DUILIO GOMES
‘Manas’: a água que afoga o silêncio
CRÍTICA: Filme de Marianna Brennand transforma cotidiano do Marajó em denúncia social e política


“Manas” nasce de uma geografia que aprisiona. Não apenas pelo mapa, mas pela lógica de um Brasil onde o Estado falha antes mesmo de chegar. Nas margens de Marajó, o filme constrói uma claustrofobia líquida: são as águas do rio que cercam e sufocam; são as necessidades básicas submersas num IDH de miséria; é o silêncio ribeirinho transformado em método de sobrevivência. Marianna Brennand filma essa asfixia sem pressa, mas com precisão, transformando cada remoada, cada travessia e cada muro de água numa metáfora do enclausuramento social que condena meninas ao destino que não escolheram.
Marcielle, interpretada por Jamilli Correa, sustenta o eixo emocional do filme com uma economia quase mineral. Seu rosto raramente sorri; sua expressão, sempre em suspenso, denuncia a vida que não se move. Há algo de João Cabral nesse olhar: uma secura que queima mais do que mostra. A violência nunca é explícita, porque o que importa aqui não é o ato, mas o mundo que o produz. Esse cuidado ético, assumido pela diretora, retira o espetáculo do trauma e o devolve à sua dimensão humana e política.

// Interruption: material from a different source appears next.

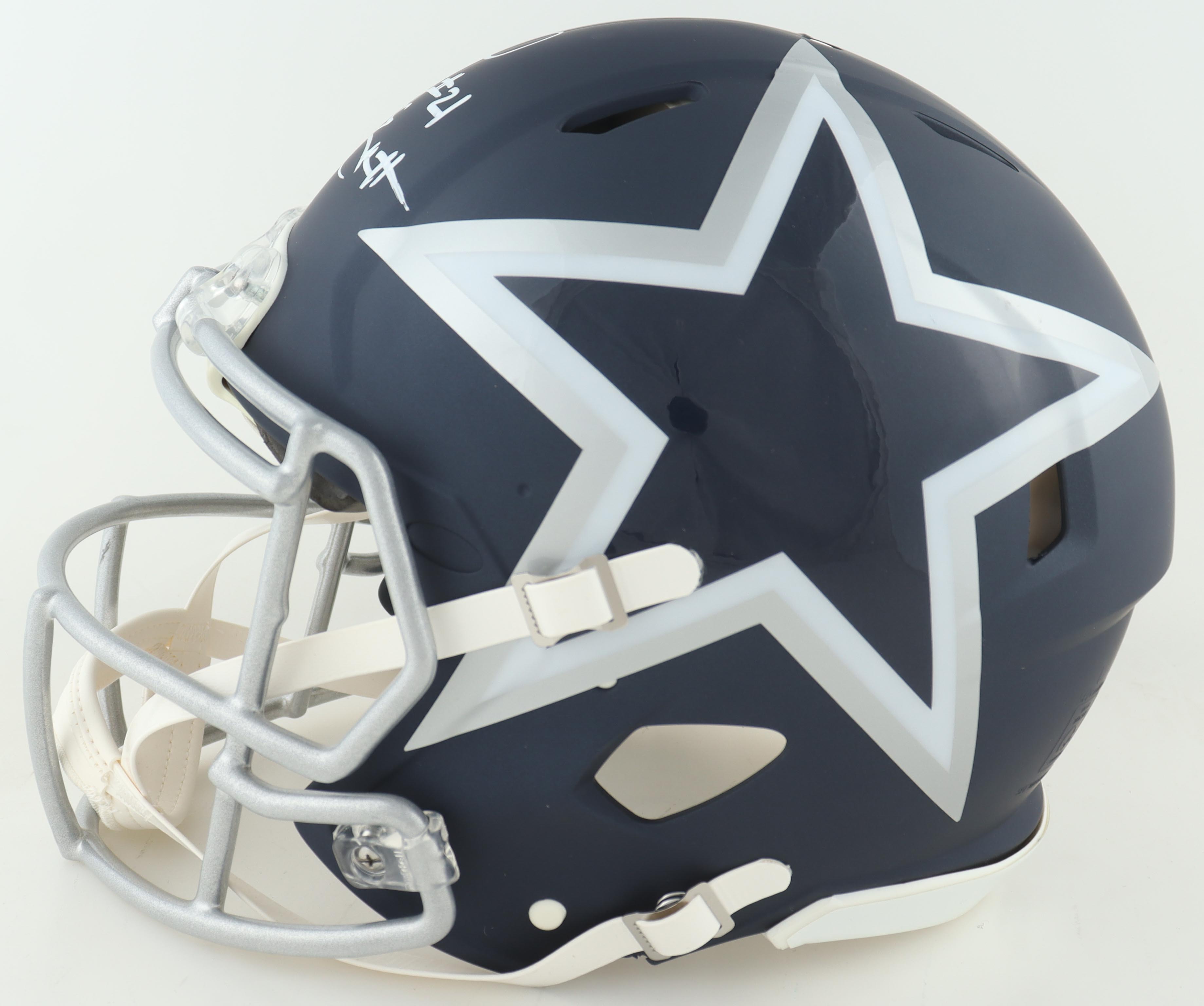 Riddell Dallas Cowboys full-size replica AMP alternate speed helmet. Hand-signed by Ezekiel Elliott.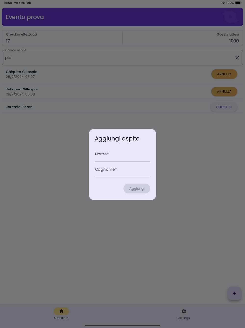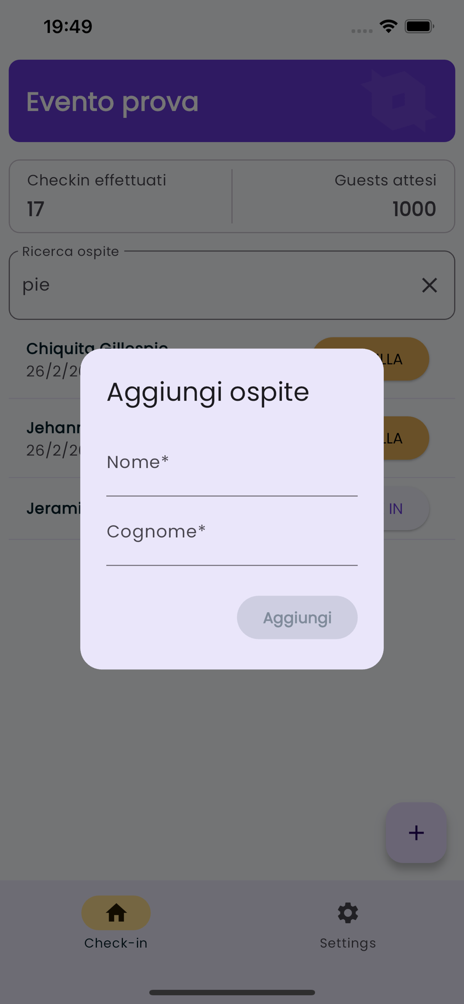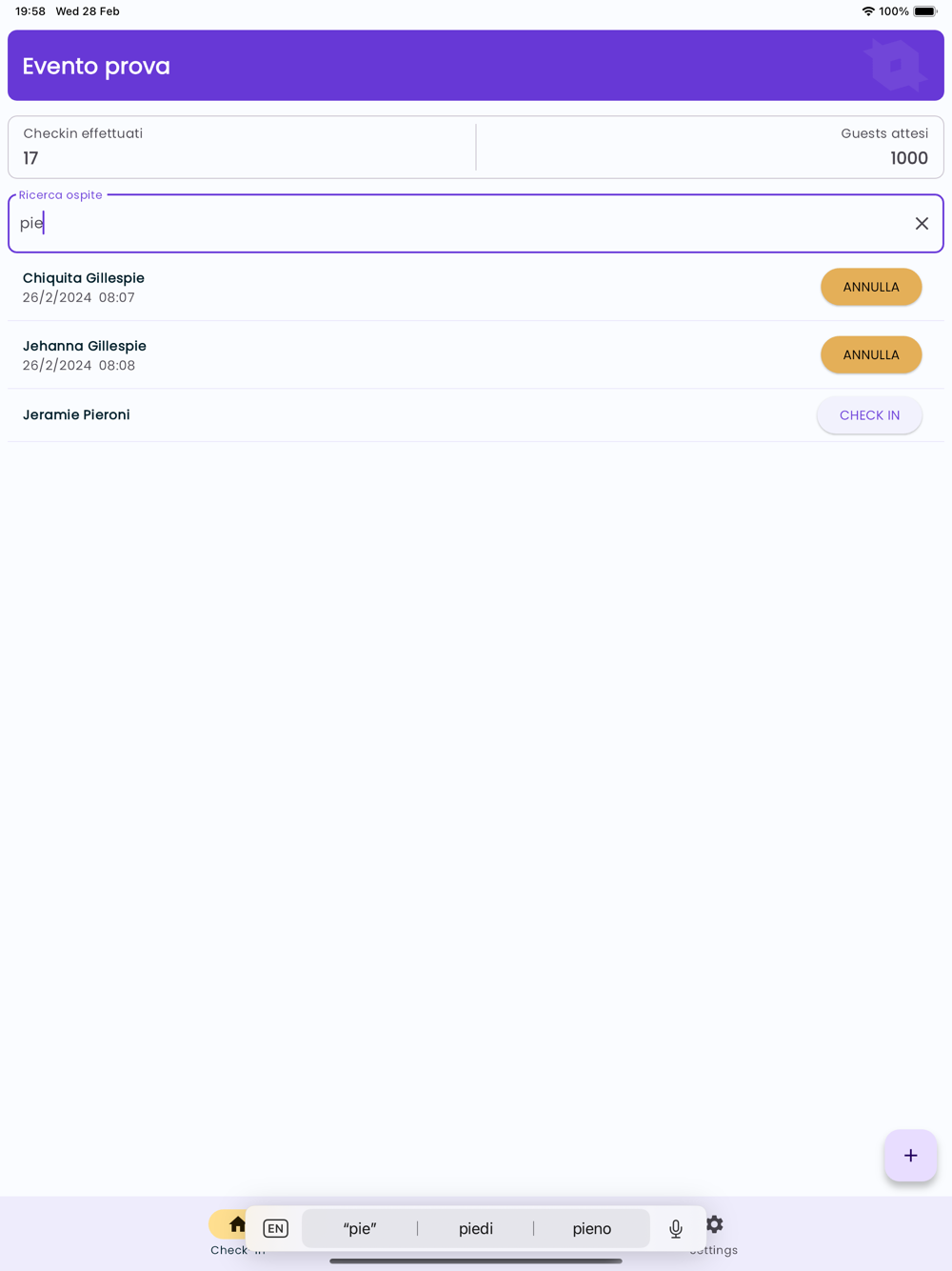 Crea il tuo evento in un click su app.realguest.it, aggiungi i tuoi campi personalizzati se ne hai bisogno e gestisci le tue liste ospiti fino al giorno dell'evento. Tramite la nuova app potrai scegliere la modalità di check-in nel giorno dell’evento tra quelle disponibili: semplice ricerca per nome/cognome, Qr code via Mail o Qr code via SMS!

No universo de “Manas”, a violência é um rio subterrâneo que corre entre casas frágeis, igrejas que pregam resignação e instituições que chegam tarde demais. A submissão torna-se doutrina: introjetada pela religião, naturalizada pela pobreza, garantida pela omissão. As mulheres de Marajó carregam essa cruz estrutural. A mãe, Danielle, é o rosto mais duro desse ciclo: conivente não por maldade, mas por construção. Brennand escolhe mostrar como o trauma rearranja afetos e percepções, criando mulheres que confundem o agressor com o provedor, o cárcere com abrigo.

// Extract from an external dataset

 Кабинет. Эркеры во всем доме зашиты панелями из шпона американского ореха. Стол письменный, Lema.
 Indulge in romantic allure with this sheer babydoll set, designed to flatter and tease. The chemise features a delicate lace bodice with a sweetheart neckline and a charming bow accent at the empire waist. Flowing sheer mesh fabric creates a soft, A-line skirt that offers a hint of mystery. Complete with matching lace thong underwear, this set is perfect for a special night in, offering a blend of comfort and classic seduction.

“Manas” denuncia como quem abre lentamente uma porta para revelar o inevitável. Nada é teatral; tudo é firme. A câmera observa. O roteiro avança como uma verdade que se impõe. Não há música que alivie, nem discurso que explique. Há apenas a força do cotidiano e a mecânica do abuso reproduzida com rigor.

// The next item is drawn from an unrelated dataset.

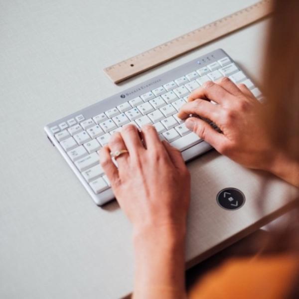 מקלדת אלחוטית קומפקטית לעבודה בריאה ויעילה בכל זמן ובכל מקום.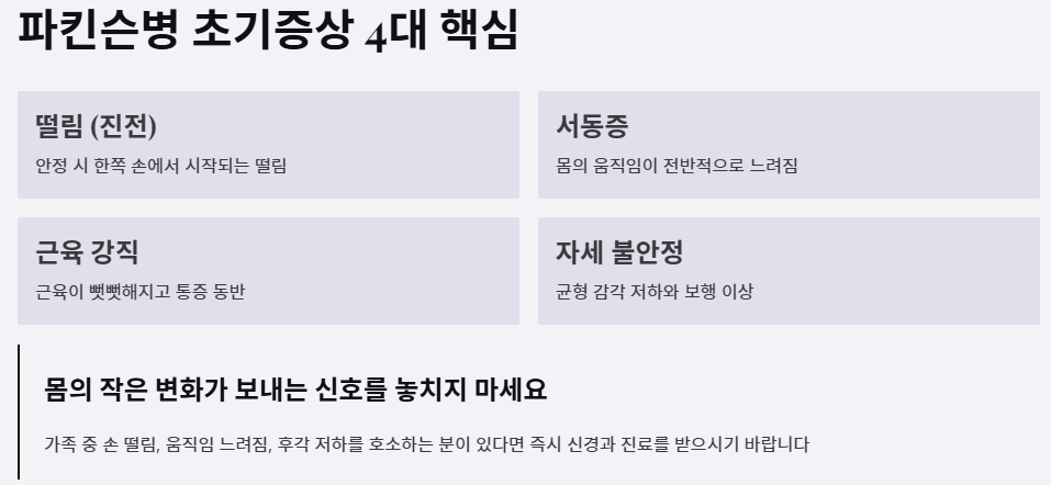 파킨슨병 초기증상의 4대 핵심은 떨림(진전), 서동증(느려짐), 근육 강직, 자세 불안정입니다. 여기에 후각 저하, 렘수면장애, 변비, 우울감 같은 전조 증상이 동반되면 더욱 의심해야 합니다.

O desfecho é uma navalha. Não pela violência, mas pelo diagnóstico. Quando a protagonista age, o gesto é menos vingança e mais resposta histórica. A salva de palmas registrada nos festivais não é pelo ato, mas pelo acúmulo de injustiça que ele simboliza.
A película entende que há algo de profundamente político no desejo de romper o ciclo, mesmo quando o Estado fracassou em fazê-lo. A cena final não propõe solução. Abre ferida. Expõe uma sociedade que empurra meninas para a beira do abismo e depois as culpa por saltarem.

“Manas” é cinema de realismo que não precisa gritar, porque carrega um país inteiro na voz embargada de uma menina. É obra que olha para a Amazônia sem exotismo, mas com urgência. É denúncia que se sustenta no que não mostra, naquilo que a sociedade insiste em varrer para debaixo das águas. Um filme que, tal como o rio que o inspira, corre por baixo, arrastando tudo o que encontra: silêncio, culpa, violência, ausência.
No fim, o que permanece é a certeza incômoda: a verdadeira claustrofobia não vem das águas, mas daquilo que permitimos que cresça dentro de nossas casas.
Onde assistir: Telecine e demais streamings com opção de locação.